Abstract
Purpose
Patients with non-beta-hemolytic streptococcal bacteremia (NBHSB) are at risk of infective endocarditis (IE). Patients with cardiac implantable electronic device (CIED) have been described to have an increased risk of IE. The aim of the study was to describe a population-based cohort of patients with NBHSB and CIED and variables associated with IE and recurrent NBHSB.
Methods
All episodes with NBHSB in blood culture from 2015 to 2018 in a population of 1.3 million inhabitants were collected from the Clinical Microbiology Laboratory, Lund, Sweden. Through medical records, patients with CIED during NBHSB were identified and clinical data were collected. Patients were followed 365 days after NBHSB.
Results
Eighty-five episodes in 79 patients with CIED and NBHSB constituted the cohort.

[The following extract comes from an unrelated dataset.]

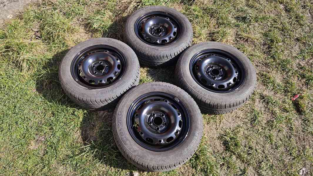 Škoda Fabia letní kola pneumatiky Barum Brillantis 2 185/60 R14 (zánovní vzorek 7-8mm ještě na několik sezon) plechové disky 6Jx14 5x100 ET43 v perfektním stavu bez koroze, kola jsou vyvážená připravená na nasazení na auto, vyzvednutí Kralupy, sada letních kol, pneumatik disků na Škodu Fabií, 185 60 14, 185/60/14, 14".

Eight patients (10%) were diagnosed with definite IE during the first episode, five of whom also had heart valve prosthesis (HVP). In 39 patients (49%) transesophageal echocardiography (TEE) was performed of which six indicated IE. Four patients had the CIED extracted. Twenty-four patients did not survive (30%) the study period. Four patients had a recurrent infection with NBHSB with the same species, three of whom had HVP and had been evaluated with TEE with a negative result during the first episode and diagnosed with IE during the recurrency.
Conclusion
The study did not find a high risk of IE in patients with NBHSB and CIED. Most cases of IE were in conjunction with a simultaneous HVP. A management algorithm is suggested.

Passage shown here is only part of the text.